The breach will come as an embarrassment to the government as security has supposedly been tightened in recent years in response to the terrorist threat and past incursions.
Gordon Brown today condemned the activists, telling MPs during his weekly question time session: "Decisions should be made in this house and not on the roof of this house, and that is a very important message to send out to protesters."
The five activists, from the campaign group Plane Stupid, had unfurled two huge banners, one saying "No third runway", and the other, "BAA HQ", in a reference to the airport's operator.
The demonstrators ended their protest shortly after midday, descending from the roof. A police spokeswoman said they had all been detained and would be arrested.
Earlier police said there was a "strong possibility" the protesters had been the guests of parliamentary passholders.
Westminster sources said they suspected the banners were stored inside the Commons for the group to collect, as they were too big to have been taken through security. But Plane Stupid insisted the campaigners took them in.
"I know we have exposed a huge security flaw up here but our message is the same [as the Heathrow airport protest on Monday]," Richard George told guardian.co.uk from the roof. "It's not as big as the flaw in the government's climate change policy."
The 27-year old claimed the Plane Stupid group walked into the Houses of Parliament through the main St Stephen's entrance as visitors attending a debate on the occupied territories at 9.30am. He said their banners were undetected by armed police officers and despite airport-level security.
"We said we were watching a committee and got a lift up to one of the committee corridors and then walked through a fire escape on to the roof," he said. "We then walked across a walkway to the front of the building."
He said Plane Stupid, whose previous stunts include rushing the stage at aviation conferences, had staged the protest to highlight "collusion between the government and BAA" over a consultation on Heathrow expansion - including a proposal for a third runway - that ends today.
The other protesters were a Greenpeace employee, Graham Thompson, 34; Leo Murray, 31, an animation student at the Royal College of Art; Olivia Chessel, 20, a youth worker; and Tamsin Omond, 23, an English literature graduate at Cambridge University and volunteer church worker.
The protesters chained themselves to a stairwell on the roof.

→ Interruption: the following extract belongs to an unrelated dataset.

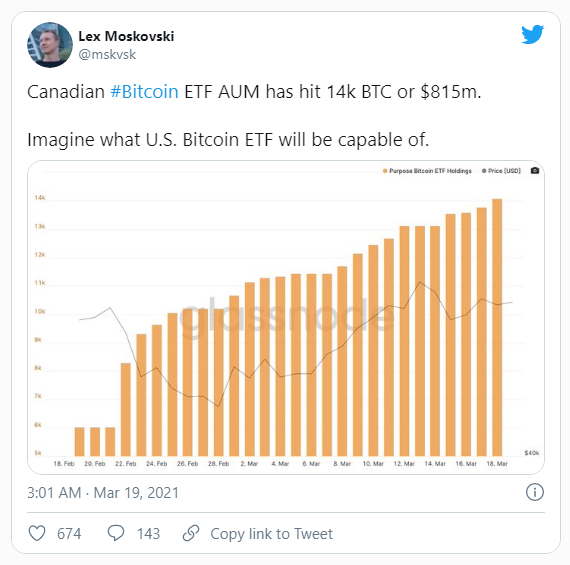 Como bromea Moskovski, “Imagínese de lo que será capaz un ETF de Bitcoin de EE. UU.”

Police quickly moved in and cut through the chains but still faced a battle to remove them safely.
The rooftop protest came just two days after Greenpeace activists protesting against the third runway staged a demonstration on top of a British Airways jet at Heathrow.
Matthew Knowles, spokesman for the Society of British Aerospace Companies, said the stunts were "becoming tiresome" and "peddle inaccurate propaganda".
"Heathrow's expansion is of national importance if jobs are to be safeguarded and created both locally as well as in the City and across the country," he said.
In 2005 the government passed legislation banning protests within 1km of Parliament Square to remove the anti-war protester Brian Haw from the square, although it also cited security concerns.
The threat posed by terrorists has seen a number of other security measures introduced, including concrete blocks placed around the Houses of Parliament.